Command for hashcat < 3: hashcat -m 2500 -a 0 "/path/to/your/converted_file" "/path/to/your/dictionary_file" -r "/path/to/your/rules_fie" -o "/path/to/your/pot_file"

Command for hashcat >= 3: hashcat -m 2500 -a 0 "/path/to/your/converted_file" "/path/to/your/dictionary_file" -r "/path/to/your/rules_fie" -o "/path/to/your/pot_file" -D 1 --force

Maybe you can "pivot" from hashcat format to other format to use another tool, but I think with hashcat you have all you need. Good luck!


In my experience, Aircrack has had some issues cracking WPA2 files, even when I was certain the passphrase what in the wordlist. This is because Aircrack has issues when it comes to extracting the right data from the capture file.

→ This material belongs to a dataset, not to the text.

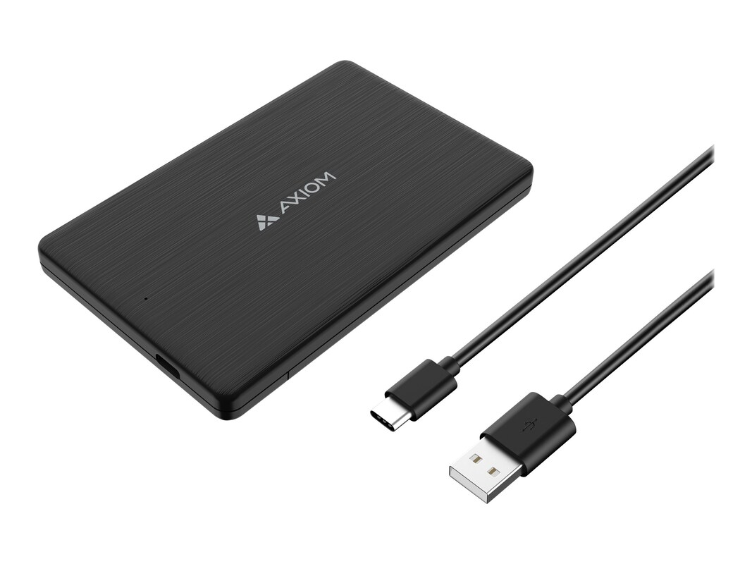 This Axiom 2.5" USB-C 3.1 Gen2 External Portable Hard Drive Enclosure offers a portable storage solution in sleek, lightweight casing for easy data management whether you are at home, in the office or on the go. This external hard drive enclosures feature universal plug-and-play connectivity via USB 3.1 with a combined data and power cable so you can address your storage and backup demands anytime, anywhere without the hassle of installation. Just add the drive of your choice and it's ready to go.

You can try and using a tool like Wireshark to clean up your capture file and using Aircrack to bruteforce your password again.

Or alternatively you can bruteforce with another tool. I like Pyrit as it has been reliable to me when cracking WPA capture files. Here is an example of running Pyrit: pyrit -r CaptureFile.cap -i WordlisFile.txt attack_passthrough. Allthough, you don't get such a nice verbose output while it's cracking.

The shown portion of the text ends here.